▸ **Dataset records**
--------------------
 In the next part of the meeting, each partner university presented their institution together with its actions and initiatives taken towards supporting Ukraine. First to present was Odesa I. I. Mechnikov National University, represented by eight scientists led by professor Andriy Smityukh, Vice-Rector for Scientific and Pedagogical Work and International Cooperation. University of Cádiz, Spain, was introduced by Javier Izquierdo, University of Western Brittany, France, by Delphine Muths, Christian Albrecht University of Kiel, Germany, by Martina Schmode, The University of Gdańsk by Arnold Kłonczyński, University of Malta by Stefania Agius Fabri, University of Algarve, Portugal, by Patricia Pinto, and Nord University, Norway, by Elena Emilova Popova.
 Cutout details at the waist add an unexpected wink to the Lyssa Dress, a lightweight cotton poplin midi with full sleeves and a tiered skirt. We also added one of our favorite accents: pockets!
--------------------
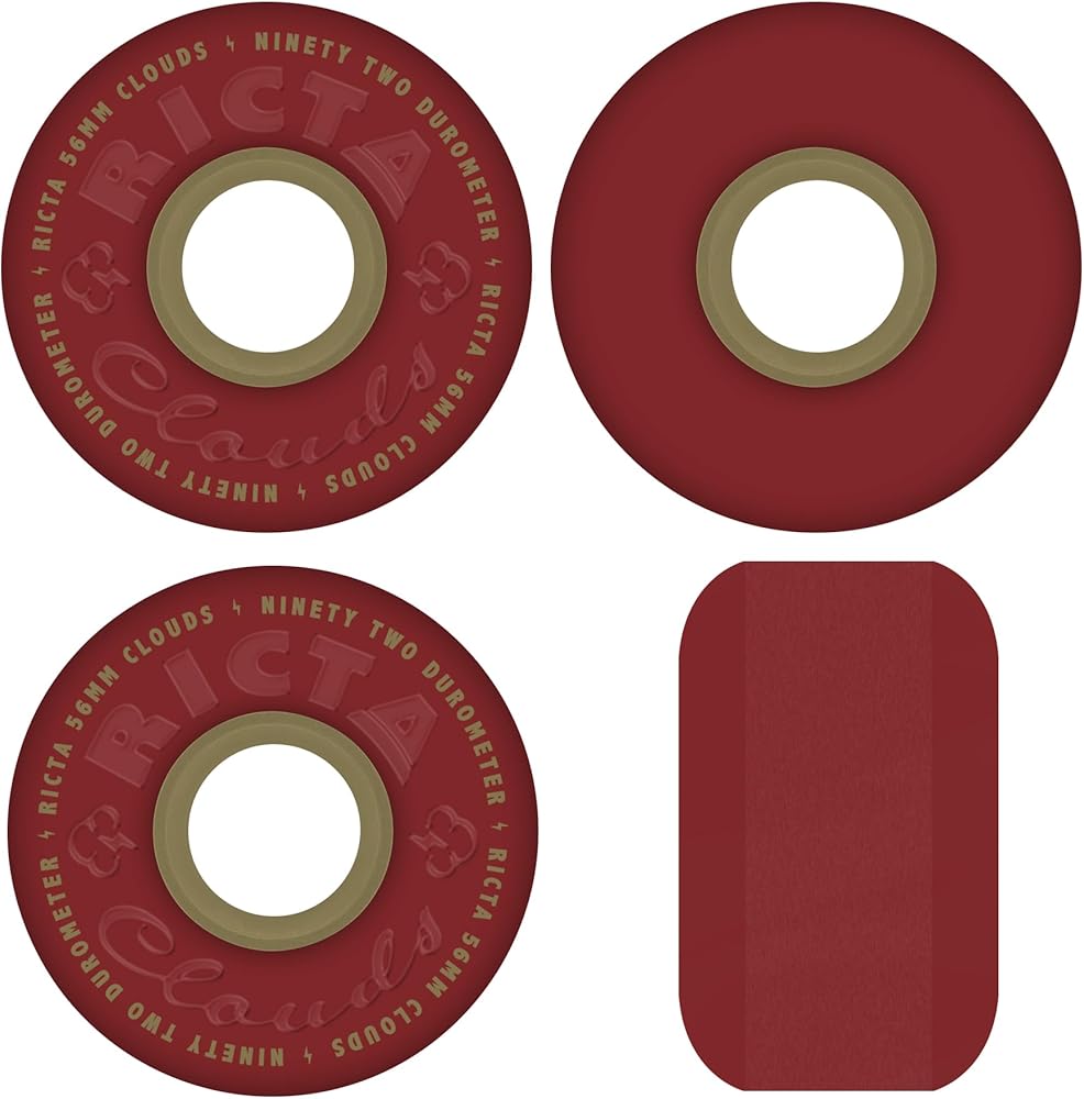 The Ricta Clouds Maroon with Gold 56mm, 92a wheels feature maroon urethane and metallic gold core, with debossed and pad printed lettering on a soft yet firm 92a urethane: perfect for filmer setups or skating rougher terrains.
--------------------
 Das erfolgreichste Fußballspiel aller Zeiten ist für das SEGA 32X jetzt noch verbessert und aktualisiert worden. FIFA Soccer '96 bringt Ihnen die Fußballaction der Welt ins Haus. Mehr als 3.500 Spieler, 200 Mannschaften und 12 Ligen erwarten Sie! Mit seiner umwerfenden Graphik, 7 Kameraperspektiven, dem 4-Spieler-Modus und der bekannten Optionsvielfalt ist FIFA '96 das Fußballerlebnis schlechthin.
--------------------
▸ **Instructions for the task**
Each line in the listing above from the one containing "In the next" through the one containing "Cutout details at" should be repeated exactly, and no other line.

▸ **Result for this exercise**
 In the next part of the meeting, each partner university presented their institution together with its actions and initiatives taken towards supporting Ukraine. First to present was Odesa I. I. Mechnikov National University, represented by eight scientists led by professor Andriy Smityukh, Vice-Rector for Scientific and Pedagogical Work and International Cooperation. University of Cádiz, Spain, was introduced by Javier Izquierdo, University of Western Brittany, France, by Delphine Muths, Christian Albrecht University of Kiel, Germany, by Martina Schmode, The University of Gdańsk by Arnold Kłonczyński, University of Malta by Stefania Agius Fabri, University of Algarve, Portugal, by Patricia Pinto, and Nord University, Norway, by Elena Emilova Popova.
 Cutout details at the waist add an unexpected wink to the Lyssa Dress, a lightweight cotton poplin midi with full sleeves and a tiered skirt. We also added one of our favorite accents: pockets!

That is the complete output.